Своеобразие и парадоксальность дискуссии буддийских школ о принципах обоснования чужой одушевленности заключается в том, что участники этой дискуссии отрицают не только чужие, но и собственные «я». Хотя буддийские «реалисты» вроде саутрантиков или вайбхашиков имели все основания вменить виджнянавадинам, настаивавшим на объективной реальности одного только сознания, солипсизм (который и в Индии, как и в Европе почитался абсурдом), по существу и для них чужое «я» было таким же фантомом, как и для их оппонентов (см. выше). Разумеется, позиция виджнянавадинов не была равнозначна солипсизму, поскольку они признавали помимо единичного сознания также и общее (алая-виджняна), но зато ее вполне можно определить в качестве иллюзионизма, при котором и свое «я» и чужие являются лишь сновидениями «общего сознания». Что же касается тех западных аналогий этому «общему сознанию», разветвляющемуся на потоки жизней, которые каким-то образом координируют друг с другом, то речь не может идти, вопреки Щербатскому, о предустановленной гармонии Лейбница. Данная концепция предполагала последовательную теоцентрическую модель мира, при которой всесильный и бесконечно разумный Бог предустанавливает развитие каждой из бесчисленных простых субстанций-монад в соответствии с развитием всех остальных и мироздания в целом, определяя также гармонию телесных и духовных начал [226] . В случае же с буддистами перед нами скорее аналогии с внутренне противоречивой Мировой волей Шопенгауэра, которая слепо, но одновременно целенаправленно регулирует свои объективации посредством принципа индивидуации, в конечном счете иллюзорного. Показательно, что и у буддийских идеалистов и у Шопенгауэра сама эта «естественная родственность» жизней-сознаний рассматривается в качестве основания альтруистической этики, о коей, правда, тоже можно говорить на деле только с очень значительными оговорками за отсутствием реального, субстанциального «я» (как своего, так и чужого). Частичные аналогии вызывает и учение Фихте об Абсолютном сознании, которое, как единая жизнь, распадается на многие, должные, в конечном счете, быть равными друг другу. Поскольку в системе Фихте был закономерен вопрос, не может ли локализоваться это Абсолютное сознание «во мне», проблема чужой одушевленности является здесь обоснованной [227] .
226
Так в своем эссе «Размышления о жизненных началах и о пластических натурах»(1705) Лейбниц рассматривал свое учение как сильнейший аргумент в пользу строго теистического мировоззрения. «Эта система предустановленной гармонии, — писал философ, — дает новое, до сих пор еще неизвестное доказательство бытия Божия, так как совершенно ясно, что согласие стольких субстанций, из которых ни одна не имеет влияния на другую, может происходить только от одной общей причины, от которой они все зависят, и что она должна иметь бесконечную силу и мудрость, чтобы заранее установить все эти согласия». См.: Лейбниц Г.В. Сочинения: В 4 т. Т. 1. M., 1982. С. 372.
227
Подробнее см.: Лапшин И.И. Проблема «чужого я» в новейшей философии. С. 38–39.
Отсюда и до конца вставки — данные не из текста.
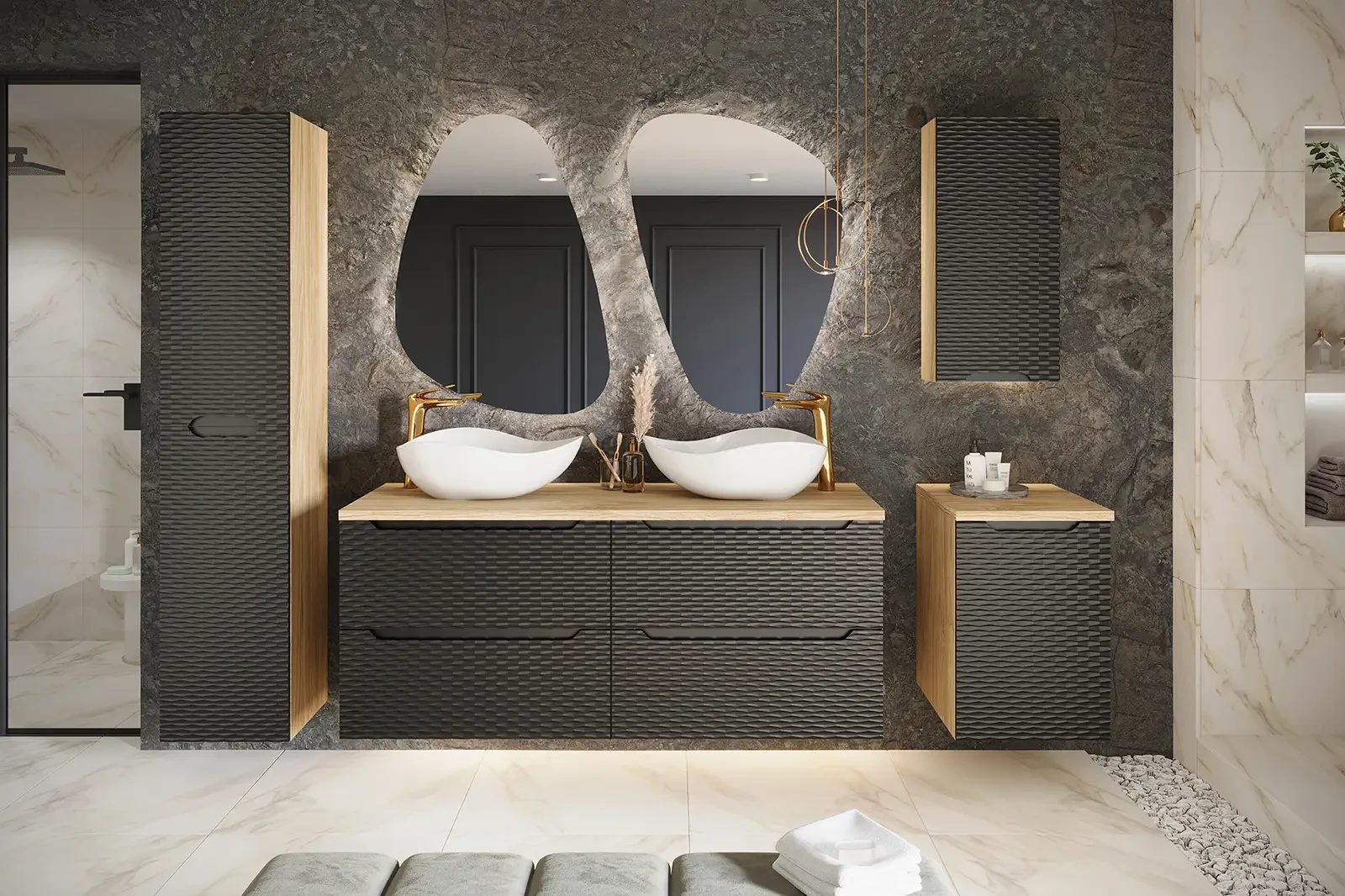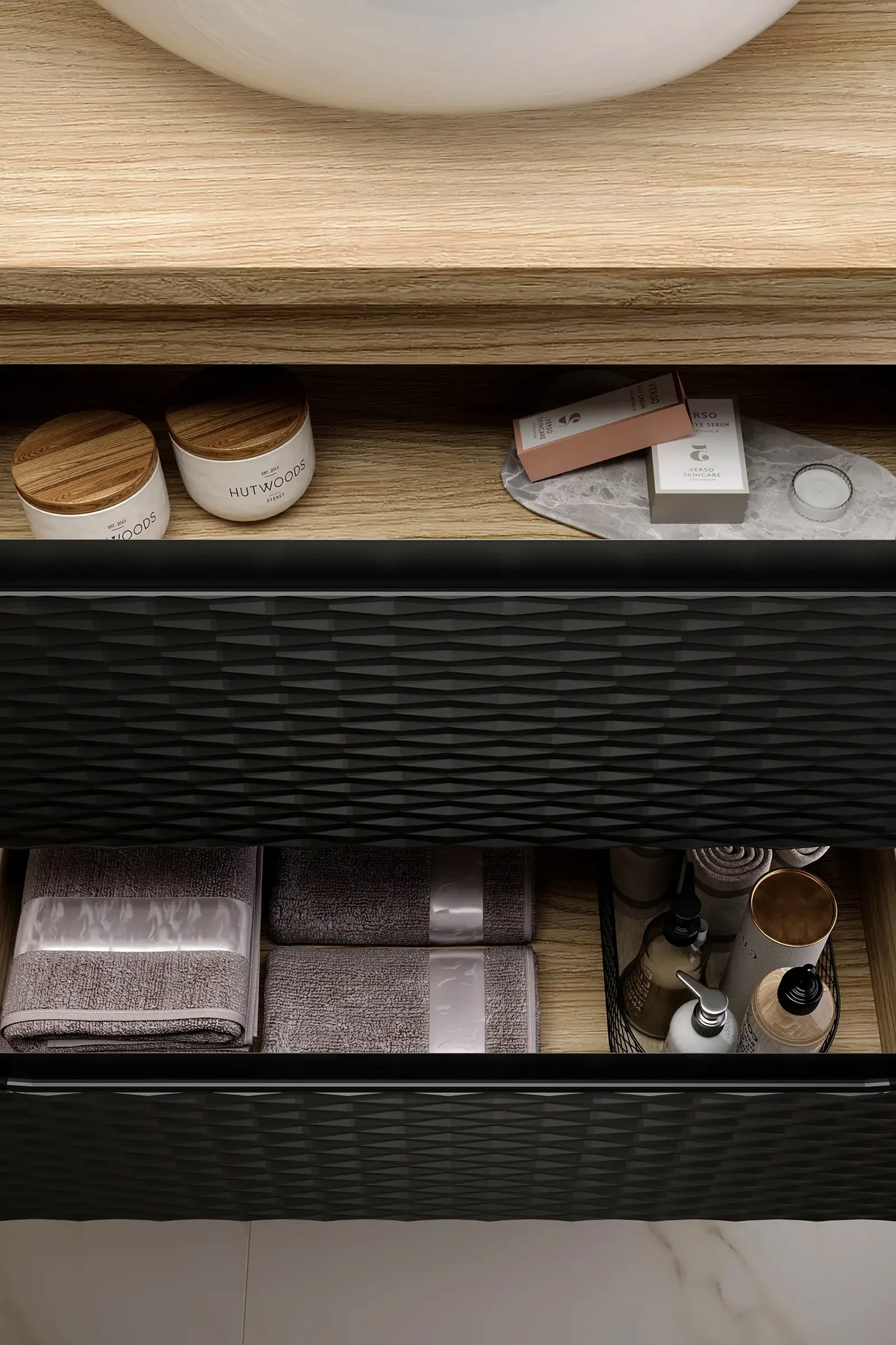 Szafka pod umywalkę z serii OCEAN BLACK jest doskonałym przykładem, jak nowoczesny design może harmonijnie współgrać z naturą, czerpiąc inspiracje z majestatycznego oceanu. Seria ta jest wynikiem fascynacji twórców oceanem, a każdy element kolekcji odzwierciedla jego dynamikę i nieprzewidywalność. Charakterystyczne dla mebli OCEAN fronty zdobią poziome fale, które przyciągają wzrok i są wyjątkowym elementem dekoracyjnym. Korpus szafki wykonany został z laminowanej płyty o barwie Dębu Olejowanego, co dodaje naturalnego wyglądu i trwałości. Front w kolorze czarnym, wykonany z płyty MDF, ma frezowany wzór fal, co nadaje trójwymiarowość. Ta kombinacja kolorystyczna pozwala na łatwe wprowadzenie szafki do różnych aranżacji wnętrz, zachowując jednocześnie spójność i elegancję. Szafka jest wyposażona w dwie szuflady z mechanizmem cichego domyku, co podnosi komfort użytkowania. Posiada również zintegrowane uchwyty, co jest nietypowym rozwiązaniem, zwiększającym estetykę i jednolitość designu. Wnętrze szafki oferuje praktyczną i obszerną przestrzeń do przechowywania. Kolekcja OCEAN, z jej unikalnym połączeniem funkcjonalności, estetyki i inspiracji naturą, stanowi idealny wybór dla osób poszukujących spokoju i harmonii we własnym domu, przypominając o bezgranicznych głębiach oceanu.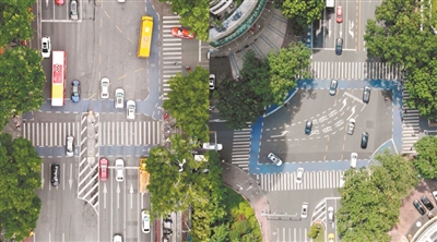 两个路口均增设非机动车专用信号灯、完善蓝色非机动车过街通道及等待区、完善隔离护栏,让市民骑行时有明确连续的非机动车通行时间路权和空间路权。交管部门通过对两个路口交通流量的全天候监测与大数据分析,智能设定相邻路口的动态信号配时方案,提升路口通行效率。
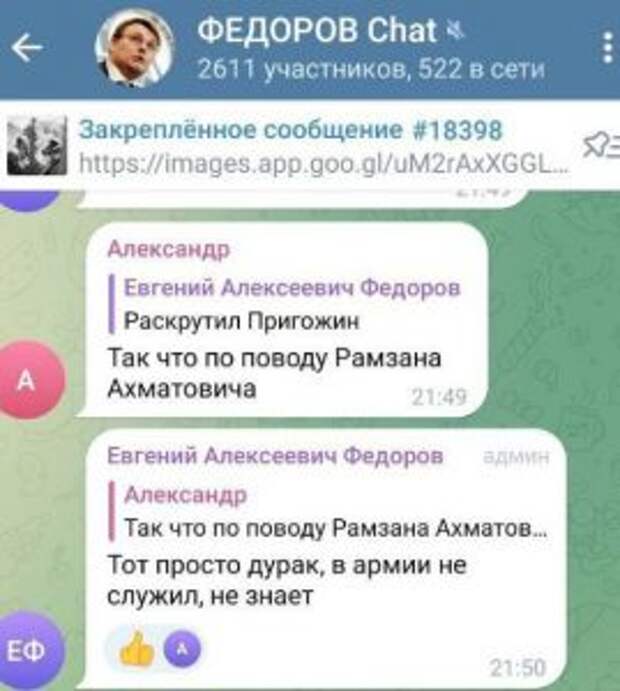 Депутат Государственной Думы Евгений Федоров в беседе с РБК прокомментировал информацию из ряда telegram-каналов об оскорблениях в адрес Рамзана Кадырова. Напомним, что по Сети распространился скрин, где от имени Федорова глава Чеченской республики называется «дураком, который не служил в армии». «Кто-то, судя по всему, из ЦПСО – мы называем это “из ЦРУ”, потому что они начальники – разместил сообщение, назвал себя моей фамилией и его сфотографировал», — оправдался депутат.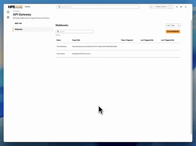 HPE Aruba Networking Central Webhooks provides multiple authentication methods to ensure secure communication between Central and your application. This includes authenticating your application to receive Webhook events and validating the authenticity and integrity of messages being sent from Central.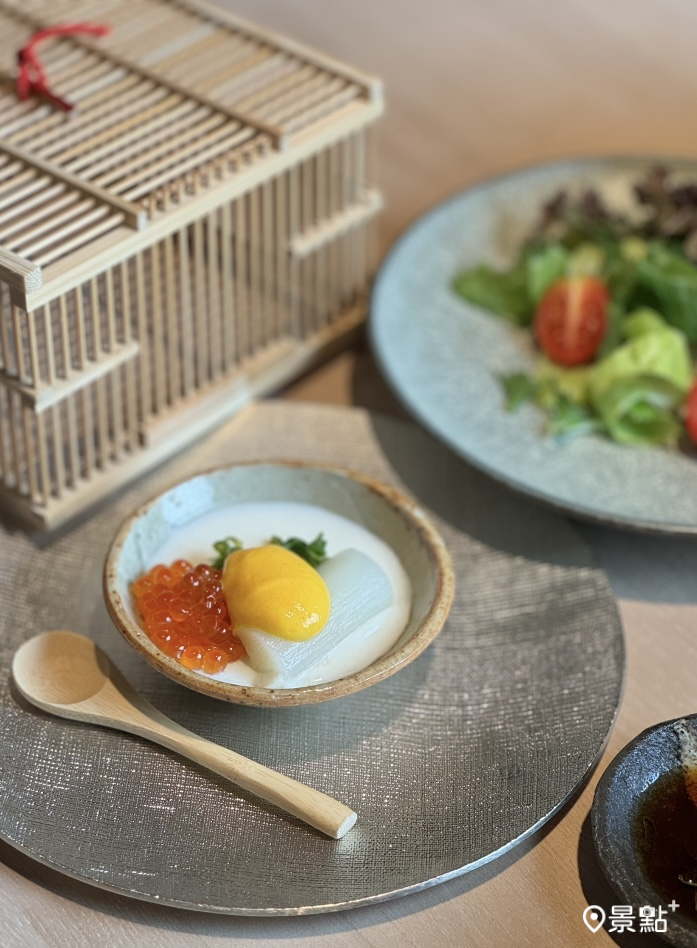 以白蘆筍、鮮奶油等打製成滑嫩慕斯底,柔滑口感入口即化,上層擺放白蘆筍、法式蛋黃醋及鮭魚卵打造不同風味層次,並以台灣本地「過貓」嫩葉作為清新菜葉點綴,清爽細膩的口感喚醒味蕾。

3. Что касается параллелей философии Нагарджуны в западной мысли, то круг сопоставлений здесь может быть настолько широким, что выявленные Щербатским схождения мировоззрения и рефлективных методов мадхьямиков с различными философскими направлениями начиная с элеатов и кончая Бергсоном не удивляют своей объемностью. Чрезвычайно многоуровневая система мысли мадхьямиков, сочетающая различные типы рациональности и одновременно их критику, рафинированную диалектику и «снятие» ее в мистическом интуитивизме, попытки описания реальности на основании единого принципа и ее «раскол» на мир кажимости и истины вполне может рассматриваться как синтез многообразия философем, единично, а частично и системно реализованных в самых разнообразных опытах философствования, как индийского, так и европейского. Неудивительно поэтому, что многие десятилетия после «Концепции буддийской нирваны», которую можно без преувеличений считать одной из эпохальных вех в развитии «нагарджуно-ведения», буддологи и философы-компаративисты разрабатывали параллели, намеченные Щербатским, и без труда открывали новые: в связи с античными скептиками, Ф. Ницше, А. Уайтхедом, Л. Витгенштейном, современной аналитической философией и со многими другими направлениями философской мысли [228] .
228
С указаниями на соответствующие публикации можно ознакомиться по монографии: Андросов В.П. Нагарджуна и его учение. М., 1990. С. 173, 184.
Нашу задачу, следовательно, было бы рационально ограничить попыткой уточнения тех компаративистских открытий Щербатского, которые касаются лишь наиболее значительных аспектов философского менталитета Нагарджуны, точнее даже основной «стратегии» его философии. Эта «стратегия» осуществляется в последовательности двух решающих «ходов»: в критике основных философских понятий и схем, на которых зиждется мир кажимости, и в апофатическом осмыслении мира конечной истины, постижение которой осуществляется через указанное «снятие» рациональности. О «стратегии» можно говорить здесь потому, что Нагарджуна последовательно решал одну задачу за другой, и сама эта последовательность вполне прозрачна: для того, чтобы прийти к миру конечной истины, следует обосновать конвенциональный характер понятийных основ мира кажимости. Негативная диалектика основателя мадхьямики находит, по совершенно точному наблюдению Щербатского, коррелят в виде аналогичной философской установки главного теоретика английского абсолютного идеализма Ф. Брэдли, а апофатическое постижение Абсолюта в целой линии европейской философии, восходящей в конечном счете к элеатам.